My Experience With Recon Infosec’s NDR Training

I had the opportunity to attend Recon Infosec’s first Network Defense Range (NDR) Training on November 16th and 17th. They also run an awesome competition called OpenSOC. I participated in OpenSOC for the first time three months earlier and LOVED it, so I was very excited for this training. It did not disappoint.

I attended the two-day Essentials course taught by Eric Capuano. Eric is an excellent instructor who is very passionate about what he teaches.

Discord was used for the training. Prior to this year I hadn’t even heard of Discord, but by the time I attended this training, I belonged to over 30 cybersecurity Discord servers and attended several conferences that used it. Recon was looking into other platforms, but I thought Discord worked well.

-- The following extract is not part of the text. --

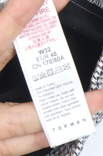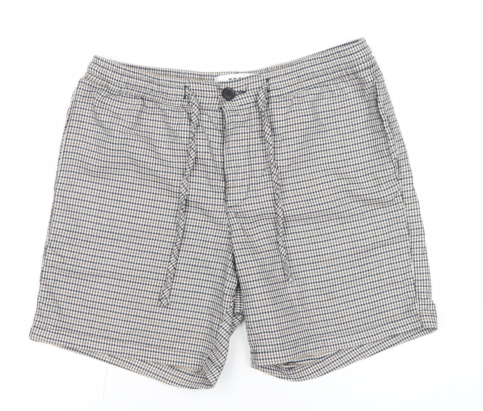 Topman Men's Grey Check Chino Shorts Size W32 Elastic Waist

Day one started out with an overview of most of the tools we would be using :

Graylog – A centralized log management solution.

Kibana – A data visualization interface.

Arkime (Formerly Moloch) – An indexed packet capture and search tool.

osquery – A SQL powered operating system instrumentation, monitoring and analytics framework.

Velociraptor – An endpoint visibility and collection tool.

All of these tools are free and open source. They were set up through Recon Infosec’s training platform so there was no need to install them on your own computer.

Day one also covered continuous monitoring, threat hunting with MITRE ATT&CK, Incident Response using PICERL, and included a guided threat hunt. As an entry level Incident Response Analyst who’s been in the field for about a year and a half, I learned A LOT. Eric went into detail about different approaches for threat hunting, how to use queries in the tools we were using, and talked about how different Windows processes can be used in an attack. Throughout the class, students were able to ask questions in Discord.

Day two started out with an overview of The Hive, which is a great open source tool for tracking Incident Response cases.

We were assigned to teams on day one, but they weren’t utilized until day two when were given a scenario and unleashed to hunt on our own (well, not entirely on our own). The teams used Discord voice chat as well as text chat on a different platform. There was coaching and mentoring from Recon available during the hunt if needed. Every team had a Team Lead who was responsible for creating and assigning tasks in the The Hive based on the specialties of the other team members. Being relatively new to the field, I personally thought that having some kind of playbook to follow during the hunt would have been helpful as well.

After the hunt, there was an adversary debrief where we went over the entire attack from the perspective of the attacker and learned exactly how it was done.

Now, if you follow me on social media, you know how much I love to share free training. This is a little on the pricey side. If you are able to afford it, or if your employer will pay for it, Recon Infosec’s NDR Training is absolutely worth it.